*Work required:*
Return only that part of the material below which starts with the line containing "As you can see, Apple" and goes on through the line containing "Para comenzar con", restated exactly.

*Material provided:*
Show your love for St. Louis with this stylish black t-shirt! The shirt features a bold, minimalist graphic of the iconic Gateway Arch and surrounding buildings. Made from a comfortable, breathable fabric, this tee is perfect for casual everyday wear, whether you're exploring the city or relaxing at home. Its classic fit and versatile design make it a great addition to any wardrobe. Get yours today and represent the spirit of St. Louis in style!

==

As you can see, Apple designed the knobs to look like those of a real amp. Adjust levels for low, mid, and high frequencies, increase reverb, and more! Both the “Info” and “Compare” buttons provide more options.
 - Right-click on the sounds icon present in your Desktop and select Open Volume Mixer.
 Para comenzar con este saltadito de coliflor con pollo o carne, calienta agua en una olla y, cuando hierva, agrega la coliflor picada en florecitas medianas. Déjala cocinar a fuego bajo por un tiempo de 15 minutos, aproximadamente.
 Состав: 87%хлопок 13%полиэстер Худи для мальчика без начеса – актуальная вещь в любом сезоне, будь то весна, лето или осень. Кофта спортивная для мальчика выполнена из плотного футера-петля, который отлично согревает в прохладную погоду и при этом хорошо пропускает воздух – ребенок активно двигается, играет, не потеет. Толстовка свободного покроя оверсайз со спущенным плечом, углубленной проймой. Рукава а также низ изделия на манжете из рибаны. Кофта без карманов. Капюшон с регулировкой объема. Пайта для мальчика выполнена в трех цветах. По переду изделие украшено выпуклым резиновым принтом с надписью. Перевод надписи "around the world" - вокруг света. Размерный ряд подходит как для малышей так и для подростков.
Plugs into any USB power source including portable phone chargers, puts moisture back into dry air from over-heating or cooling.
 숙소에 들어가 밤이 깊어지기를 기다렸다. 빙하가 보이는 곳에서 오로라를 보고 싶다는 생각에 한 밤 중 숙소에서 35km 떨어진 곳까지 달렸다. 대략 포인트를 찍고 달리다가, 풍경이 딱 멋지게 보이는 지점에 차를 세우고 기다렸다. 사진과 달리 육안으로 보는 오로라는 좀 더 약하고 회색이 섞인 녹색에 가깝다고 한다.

*Worked solution:*
As you can see, Apple designed the knobs to look like those of a real amp. Adjust levels for low, mid, and high frequencies, increase reverb, and more! Both the “Info” and “Compare” buttons provide more options.
 - Right-click on the sounds icon present in your Desktop and select Open Volume Mixer.
 Para comenzar con este saltadito de coliflor con pollo o carne, calienta agua en una olla y, cuando hierva, agrega la coliflor picada en florecitas medianas. Déjala cocinar a fuego bajo por un tiempo de 15 minutos, aproximadamente.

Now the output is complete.